Flame retardant vermiculite coated on polypropylene separator for lithium-ion batteries

Abstract

Lithium-ion batteries (LIBs) are being used in a variety of applications due to their desirable energy storage characteristics required for modern electronic devices. However, LIBs are prone to thermal runaway due to the flammable liquid electrolyte, decomposition of solid electrolyte interphase from anode surfaces, and melting of polypropylene (PP) separators. The separator provides a pathway for Li+ transfer and divides electrodes from electrical contact, avoiding a short circuit, a potentially catastrophic event.
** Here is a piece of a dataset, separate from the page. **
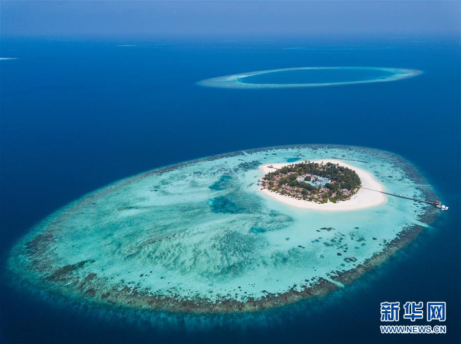 這是2017年12月6日拍攝的馬爾代夫瓦賓法魯島和附近的珊瑚礁。

A separator that can endure higher temperatures may restrict a cell from causing thermal runaway. This paper demonstrates that vermiculite, a mineral stable over 1000 °C, could act as a separator lining in LIBs with a lithium-ion phosphate (LFP) cathode and lithium anode. Though the standard PP separator shrinks or melts above 130 °C, the vermiculite and binder will continue to provide electronic isolation, allowing the battery to delay a thermal runaway scenario. The battery containing the vermiculite modified separator released 1.675 kJ g−1 less exothermic energy during the thermal runaway, as well as demonstrating a 3.38 °C higher separator melting temperature, indicating enhanced safety in examined LIBs.